Just increase the water level a little so that surface agitation from the filter return is minimized.


----------



## Lab_Man (Dec 7, 2012)

I use a HOB and like the flow that I get from it. I can keep my CO2 in the 30 ppm range at a 1.5 bpm rate with a GLA 75 mm Atomic diffuser. 

I have to supplement O2 so the fish don't start gasping for air.


----------



## tattooedfool83 (Mar 15, 2013)

Are u guys feeding the co2 intake line into the intake of the hob?


----------



## Entomologist210 (Nov 16, 2013)

I am, but I'm still unsure if it's a good way to get more CO2 from my DIY yeast system into the tank or if I'm just making it easier for the CO2 to exit the tank through agitation.


----------



## Lab_Man (Dec 7, 2012)

tattooedfool83 said:


> Are u guys feeding the co2 intake line into the intake of the hob?



I am injecting CO2 on the opposite side of the aquarium from the HOB. I have a circulating fan to propel the CO2 bubbles down and across the aquarium.
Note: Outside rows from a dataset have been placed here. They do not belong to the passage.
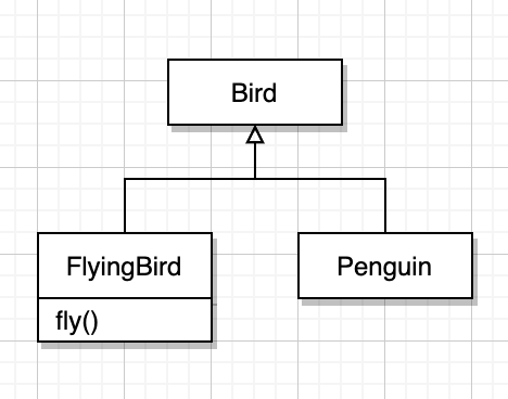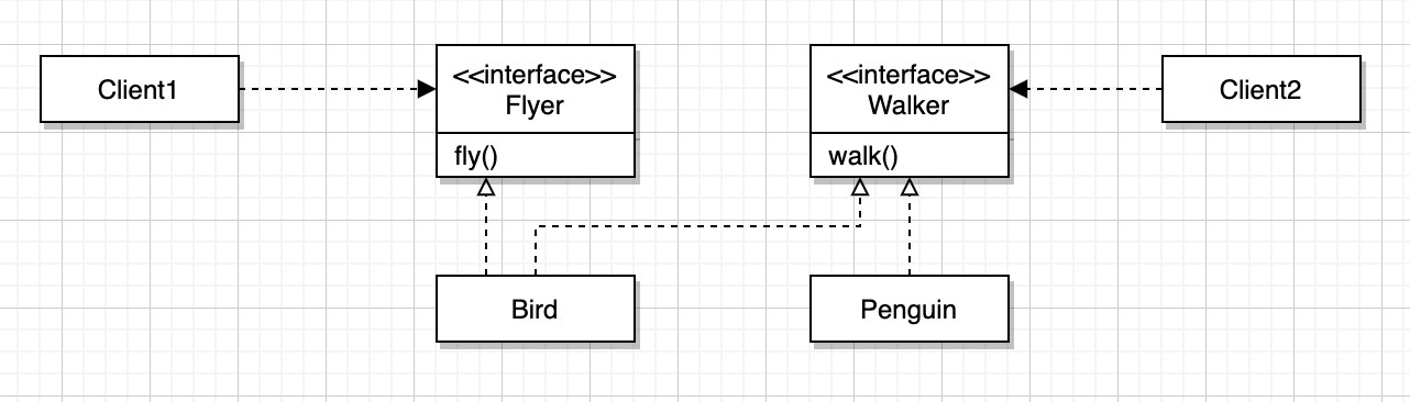이제 Bird와 Penguin은 자신이 수행할 수 있는 인터페이스만 구현할 수 있다.
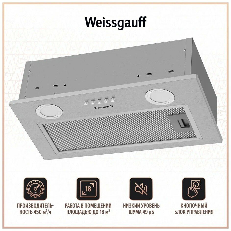 Кухонная встраиваемая вытяжка Weissgauff BOX 455 Inox интересное:
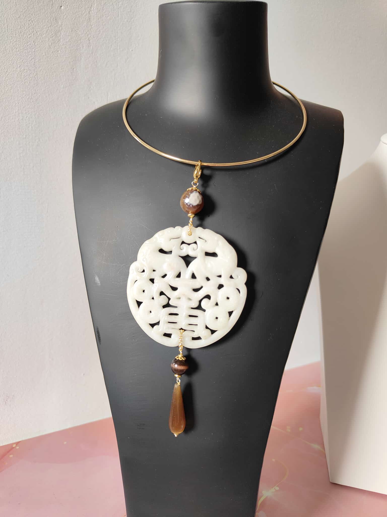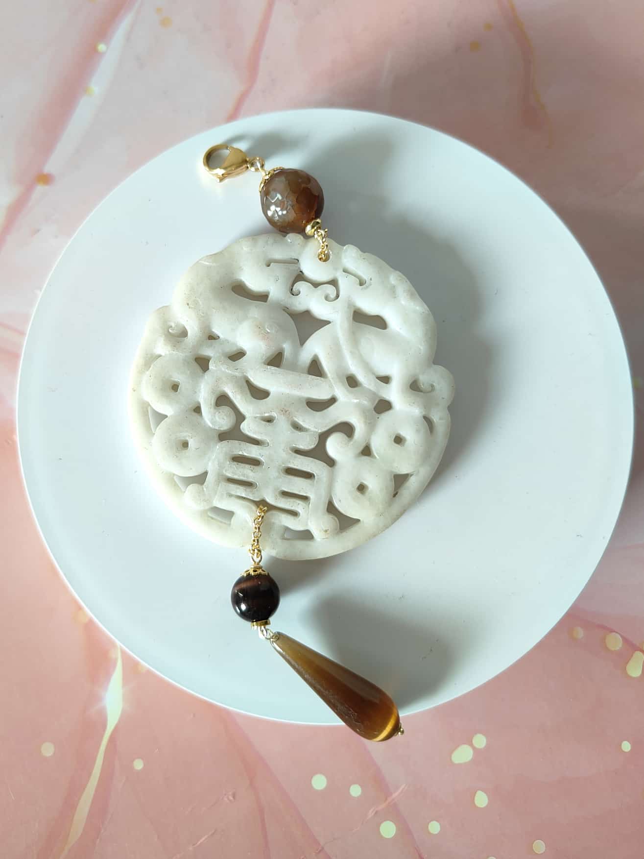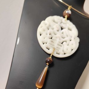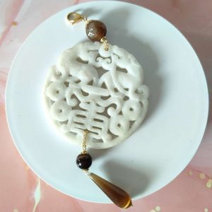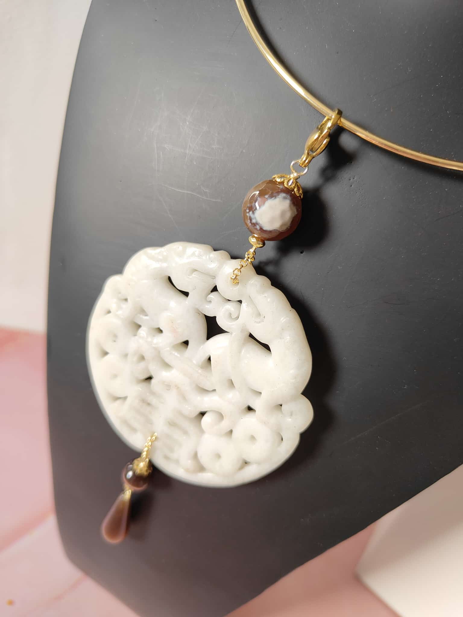 Il ciondolo principale è un mandala scolpito in giada antica color avorio, intagliato con motivi orientali di fortuna e prosperità. Le linee morbide e le sfumature chiare donano al pezzo un’aura delicata e spirituale, perfetta per chi ama la bellezza sobria e senza tempo.

The bubbles then are propelled by the HOB flow across the aquarium and down the glass wall. Then due to the current, the CO2 makes several revolutions around the aquarium and is disbursed through the water column.


----------



## Lab_Man (Dec 7, 2012)

I don't inject into the HOB filter intake because I think that I'd lose more CO2 due to surface agitation. Cavitation (due to the CO2 bubbles) of the pump is also a concern as it would cause a pre-mature failure of the pump.


----------



## tattooedfool83 (Mar 15, 2013)

I have a co2 tank half full and a 20 long with 2 Hobs on it. Debating how to go about injecting co2. I have it on another tank and was using a power head to distribute the co2.


----------



## Lab_Man (Dec 7, 2012)

The biggest factor that contributes to CO2 loss because of HOB filters is low water level. If you are vigilant and keep the water level up the HOB doesn't effect CO2 too greatly.


----------



## shift (Jan 7, 2013)

Cooler water also holds more co2. On the flip side you want some surface agitation or an air stone so you don't has your fish (if you are injecting high amounts)


----------



## Lab_Man (Dec 7, 2012)

shift said:


> Cooler water also holds more co2. On the flip side you want some surface agitation or an air stone so you don't has your fish (if you are injecting high amounts)


I found that I had to add an air stone when I transferred my fish into my planted tank. They were gulping and breathing heavily at first without the air stone. After adding the air stone everyone is happy, happy, happy.


----------